I wouldn't go quite as far as Pierre did, but I do agree with a
number of his points.
I also own Wealth Lab. I find it useful for testing systems on
baskets of commodities, something that TS provides almost no
support for. I pieced together a hack solution in TS based on
dumping information to files, reading it into Excel, combining
equity curves, etc etc. But that's extremely slow and painful,
and it's very difficult to implement proper money management
techniques.
Other than that, I have to say I prefer TS in almost every
respect. Take that with a grain of salt, as I haven't spent very
much time with WL and I'm definitely no expert on it, but a
number of things about WL really bug me. A few examples:
* The interface model is, in my opinion, poorly designed. There
are totally separate interfaces (with similar but different UI's,
different ways of determining defaults, different reporting
outputs) for testing a single market vs. testing multiple markets
with MM (position sizing).
* Because of this separated design, you can e.g. optimize a
system on a single market, but you CANNOT optimize it on a basket
with MM.
* WL stores default input values and optimization ranges in the
source, in a rather kludgy comment form. There is NO WAY to
specify a particular value for a specific instance, the way TS
lets you apply a system to two different charts with different
inputs. The only way to simultaneously basket-test a system with
two different sets of inputs is to save two different source
versions.
* WL was originally designed as a stock-trading platform.
Support for futures was tacked on later, and it's not pretty.
The platform has no concept of whether a particular symbol is a
stock, future, index, etc. You have to switch the ENTIRE
PLATFORM from "Stock Mode" to "Futures Mode," which will then
cause it to look up the symbol root in a Futures Symbol Manager
list for the BPV, margin, etc. If you trade only stocks or only
futures then it's not too bad, but it gets a bit messy if you
want to do both.
* WL has very poor support for keyboard shortcuts. For those of
us with tendonitis in the mouse fingers, using WL for any
significant period of time is quite literally a pain.
There's more, but you get the idea.
To WL's credit, it has a thriving user community and Dion
Kurczek, the developer, is extremely responsive to user feedback.
When users find bugs in WL, Dion generally has a fix out within a
week or two. (Wouldn't you love to see THAT from TRAD!!!) I've
discussed most of the above points with Dion and he implied he
will address some of them in the major revision he's working on
now.

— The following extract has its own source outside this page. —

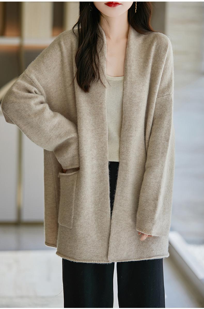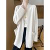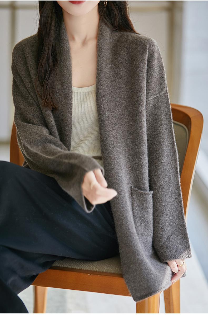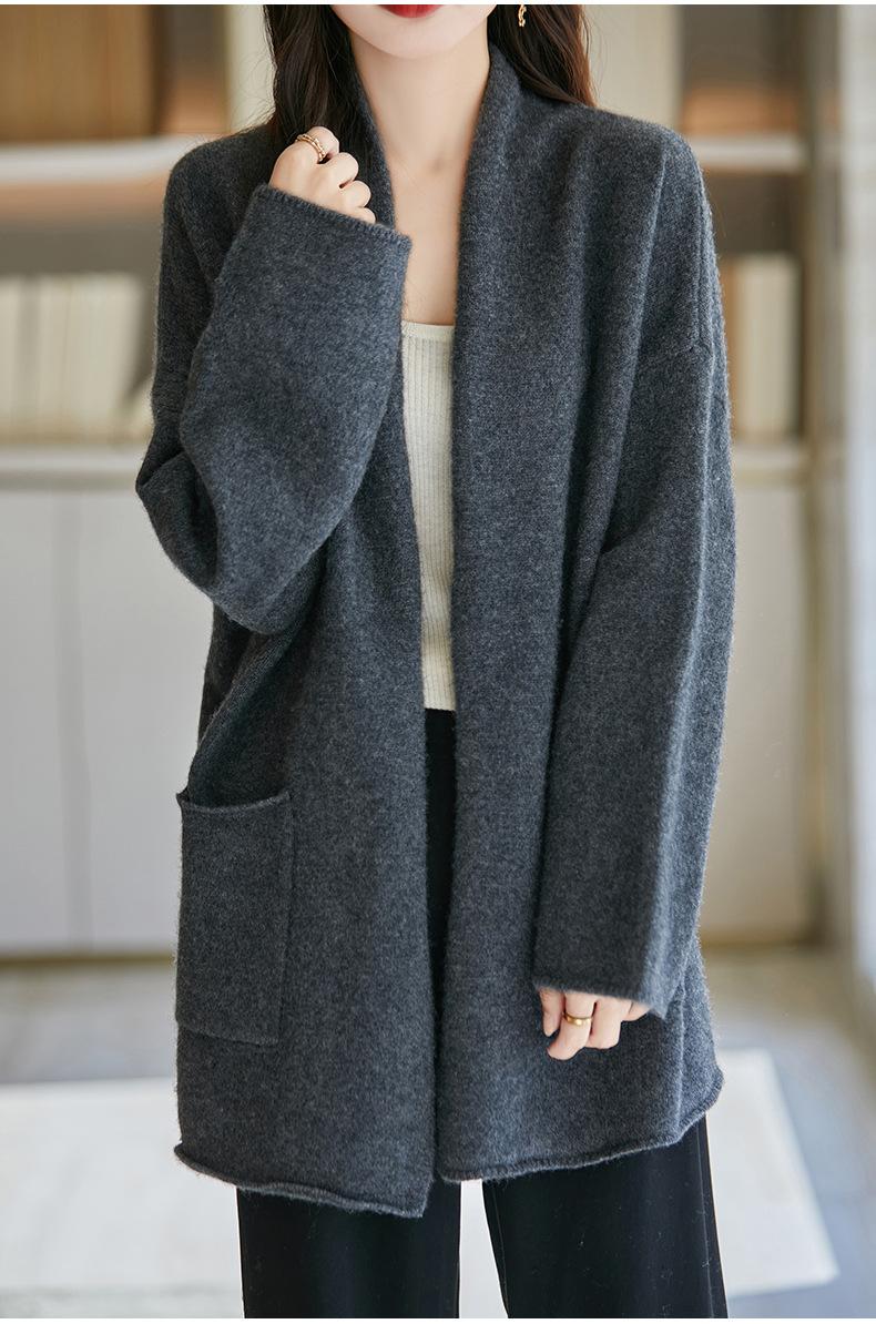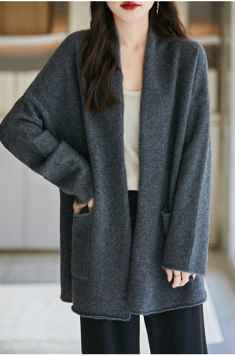 Chal de lana pura para mujer, abrigo largo medio, holgado y holgado, cárdigan exterior de punto de lana pura, nuevo para otoño e invierno.

But there's no way he can respond to every request from all
of his users. He also has the website-based version of WL, and
some of his design choices are limited by a desire to maintain
compatibility between the web version and the desktop
application.
Pierre said:
> Ease of use, stability and reputation is more important in such
> a small market niche.
For once, I agree 100%.
Too bad TRAD doesn't.
TS excels in ease of use in most areas. But the (lack of)

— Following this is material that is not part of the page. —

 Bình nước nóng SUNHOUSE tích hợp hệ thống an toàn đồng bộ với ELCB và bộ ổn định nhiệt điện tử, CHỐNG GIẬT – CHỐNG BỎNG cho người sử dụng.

stability of many of their products is near-legendary, and they
have destroyed their reputation with a lot of their former and
potential customers. Pierre, you can insult people and dodge the
issue all you want, but the fact remains that there are a LOT of
people who like TS, and who would love to stick with it, but they
don't trust (or just plain *hate*) TRAD and refuse to do business
with them. That's the main reason people leave TS and go to
platforms like WL, NeoTicker, you name it.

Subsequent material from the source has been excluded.